TASK DIRECTIONS: In the entries below, find the line with "Front logo patch, adjustable" and the line with "China, 1908. £100". Repeat exactly everything between them, those two lines included, but not the pictures.

RECORDS PROVIDED:
=== Section Start ===
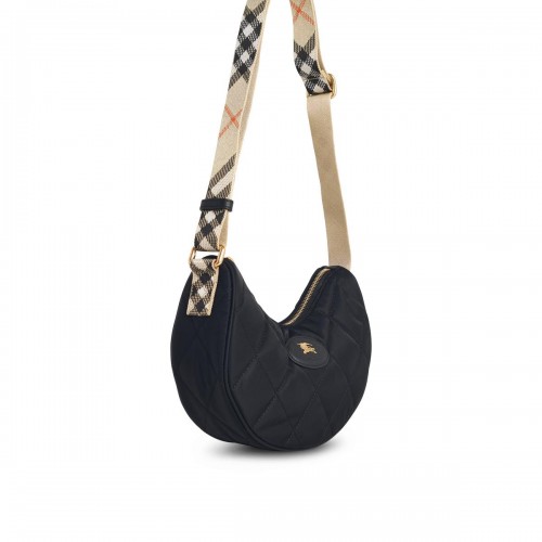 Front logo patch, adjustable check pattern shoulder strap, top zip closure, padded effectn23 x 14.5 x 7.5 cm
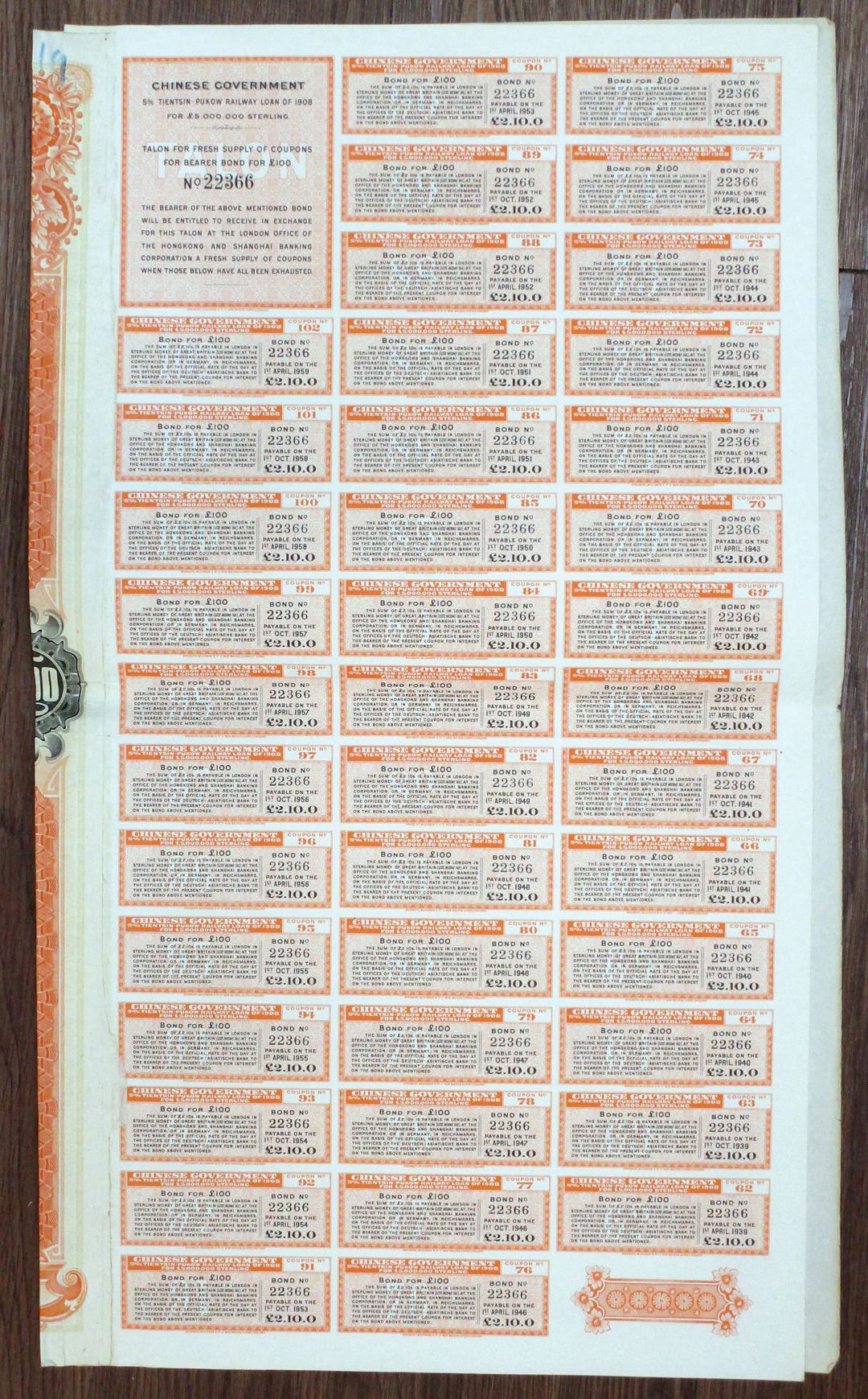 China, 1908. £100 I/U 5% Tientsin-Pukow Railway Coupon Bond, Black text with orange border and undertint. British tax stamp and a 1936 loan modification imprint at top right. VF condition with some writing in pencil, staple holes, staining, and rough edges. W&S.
=== Section End ===
=== Section Start ===
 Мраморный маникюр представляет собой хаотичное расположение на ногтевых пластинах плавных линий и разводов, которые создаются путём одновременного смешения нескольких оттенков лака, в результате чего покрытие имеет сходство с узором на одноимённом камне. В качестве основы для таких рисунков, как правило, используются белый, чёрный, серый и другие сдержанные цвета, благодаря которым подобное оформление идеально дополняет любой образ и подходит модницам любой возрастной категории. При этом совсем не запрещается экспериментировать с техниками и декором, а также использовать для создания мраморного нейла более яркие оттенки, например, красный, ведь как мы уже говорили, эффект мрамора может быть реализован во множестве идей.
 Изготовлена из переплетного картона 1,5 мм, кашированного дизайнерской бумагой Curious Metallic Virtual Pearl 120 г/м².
=== Section End ===
=== Section Start ===
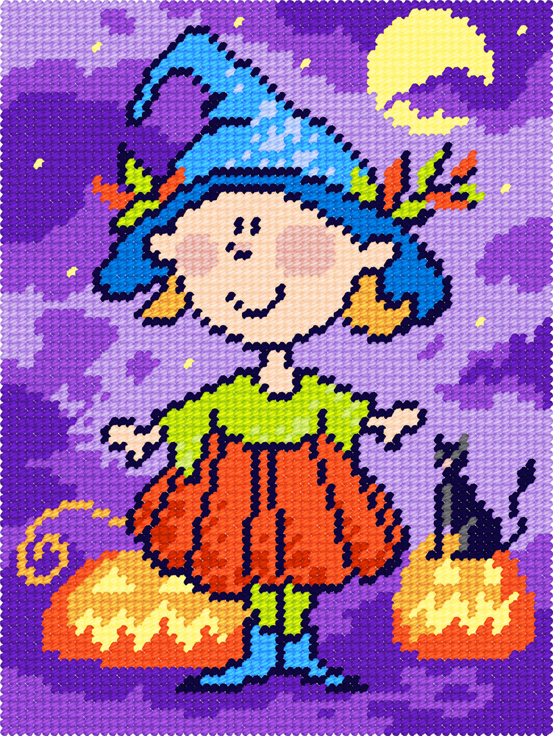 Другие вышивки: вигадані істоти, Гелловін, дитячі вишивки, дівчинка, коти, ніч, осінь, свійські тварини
=== Section End ===
ANSWER BOX:
 Front logo patch, adjustable check pattern shoulder strap, top zip closure, padded effectn23 x 14.5 x 7.5 cm
 China, 1908. £100 I/U 5% Tientsin-Pukow Railway Coupon Bond, Black text with orange border and undertint. British tax stamp and a 1936 loan modification imprint at top right. VF condition with some writing in pencil, staple holes, staining, and rough edges. W&S.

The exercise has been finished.